Section 5. Local Arrangements
Committee:
The Local Arrangements Committee shall consist of three (3) members. The Chairperson
of this committee will appoint the other members of the committee. It shall
be the duty of the committee to provide for efficient and effective opportunities
to meet the goals of the Annual Meeting.
Section 6. The Membership Committee shall consist of three (3) members. The Chairperson of this committee will appoint the other members of the committee. It shall be the duty of the committee to solicit membership renewal, devise ways of recruiting new members, and to acknowledge new members by name at the annual meeting. It shall be the duty of this Committee to review annually the status of student members.
Section 7. The Nominations Committee shall consist of three (3) members. The Chairperson of this committee will appoint the other members of the committee. It shall be the duty of the committee to provide an efficient and effective election procedure as outlined in Article II, section 7.
Section 8. The Program Committee shall consist of three (3) members. The Vice President will serve as Chairperson of this committee and he will appoint the other members of the committee. It shall be the duty of the committee to provide for efficient and effective opportunities to meet the goals of the Annual Meeting, and the Committee shall arrange the program of the Annual Meeting.
Section 9. Publicity:
The Committee on Public Information shall consist of three (3) members. The
Chairperson of this committee will appoint the other members of the committee.
The purpose of this Committee shall be to facilitate and enhance the public
information and public relations activities of The Society. This Committee
may establish a network of other members of The Society interested in public
information and having expertise in other areas, to help implement the objectives
established by the Committee.
Section 10. The Resolutions Committee shall consist of three (3) members. The Chairperson of this committee will appoint the other members of the committee. The purpose of this Committee shall be to maintain currency and consistency in the governing documents of The Society. The Committee shall review the Constitution, By-Laws, and policy documents on a periodic basis, and it shall recommend to the Board appropriate changes in wording of those documents. At the request of the Board, the Committee shall prepare wording for new or changed provisions to effect modifications in various governing documents. It shall also be the duty of the committee to consider all resolutions referred to it by the Secretary and report upon each resolution with its recommendation at the annual business meeting.

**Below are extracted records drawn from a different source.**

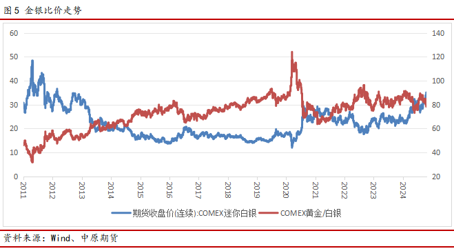 对于白银来说,历史多数情况下会追随黄金价格的走势,当金银比价过高时,白银的投资需求也会驱动投资者在黄金价格上涨过程中回补白银的多头。历史上,当发达市场的增长情绪走弱时,白银通常会迎来最强的牛市,如2009-2012年、2016-2017年、2020年等。这种情形下,常常意味着美元走弱、投资者对贵金属的配置增加、白银的工业需求增强。
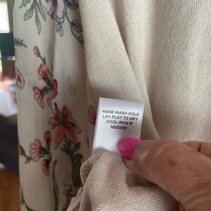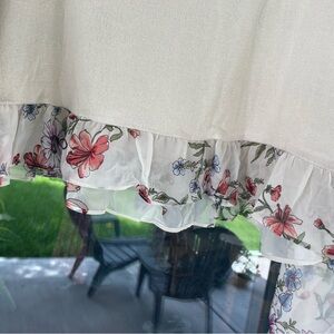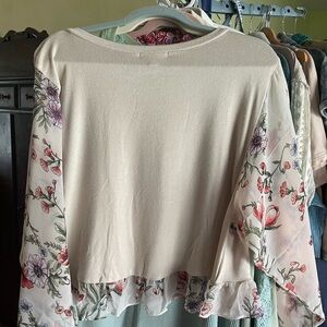 Elevate your style with this elegant creamy beige top featuring beautiful sheer floral sleeves with red , blue green, yellow and purple floral pattern. Perfect to wear spring through fall! Body is a very soft light knit loose fit. Perfect for any occasion. Brand new with tag. Never worn. Ptp 21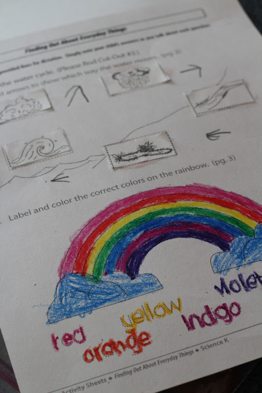 This week we added math, science, and history/geography. She is loving the math and science so far as it is so hands on. We learned about rainbows, the rain cycle, thunder/lighting, and snow. Writing has been a chore this week and think she just gets bored with doing it...she knows it's long and she knows how to do it so I think she just doesn't want to. After a couple of days, her assignments change and they will hopefully be more fun. She cried most of the day yesterday and that was frustrating for me. I think she has just had a lot of changes plus lack of sleep do to roofers and vacation. We also implemented a "no blankie" rule. Her blankie has to stay in her room at all times. I think that is the biggest source of her emotional-ness.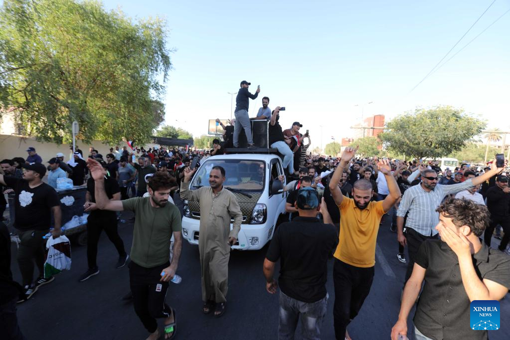 The protest came two days after the Coordination Framework, an umbrella group of Shiite parliamentary parties, nominated Mohammed Shia' al-Sudani for the post of prime minister. (Xinhua/Khalil Dawood)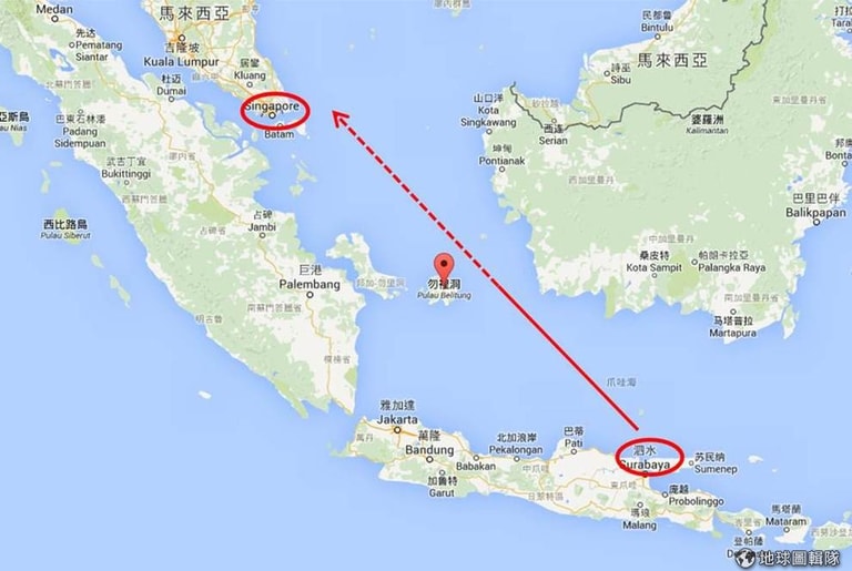 搜救區域靠近印尼勿里洞島(Belitung island)。

Article V: Funds of The Society
Section 1. Annual dues:
Dues for the various classes of membership shall be established by the Board
of Directors and then approved by a majority vote of the members present at
an Annual Meeting.
Section 2. Registration
Fees:
Registration fees for the Meetings of The Society shall be set by the Board
upon recommendation by the Executive Director.
Section 3. Subscription
Fees:
Subscription fees for periodical publications of The Society shall be set
by the Board upon recommendation by the Executive Director. Page and reprint
charges shall be set by the Board upon recommendation by the Executive Director.
Section 4. Endowment
Fund:
The J. H. Cochran Memorial Fund principal may be expended only upon recommendation
by the Board and approval by the members of The Society by mail ballot or
at an Annual Business Meeting or special meeting of The Society. Notice of
such action will be given at least 30 days before the date of the meeting.
Interest from the fund may be expended with approval by the Board not to exceed
80% of the annual income for awards.
Section 5. Management:
The funds of The Society may become commingled for investment and banking
purposes, provided each fund is accounted for separately and used only as
prescribed. The Board may establish or engage entities for the purpose of
managing or enhancing the resources of The Society.
Section 6. Report:
The Executive Director shall prepare for publication a financial status report
to be presented at the Society's Annual Business Meeting on the current status
of all of the funds described above.
Article VI - Publications
Section 1. The Journal of Agricultural and Urban Entomology shall be published under the auspices of the South Carolina Entomological Society, Inc.
Section 2. The Editorial
Committee shall recommend for approval by the Board of Directors the publication
and editorial policies of the Journal of Agricultural and Urban Entomology.
Such policies shall be summarily published in the Journal and as necessary
in correspondence with authors. Proposed changes to policies must be approved
by the Board. The Committee
shall recommend the Editor(s) for the publication to the Board, serve as an
appeal board to consider formal objections by authors to editorial decisions,
and review at least every third year a preceding volume of the publication
to maintain high standards of publication. The Editorial
Committee may appoint Associate Editors or Subject-matter Editors with approval
by the Board.
Section 3. The Editor shall maintain administrative oversight of the editorial process.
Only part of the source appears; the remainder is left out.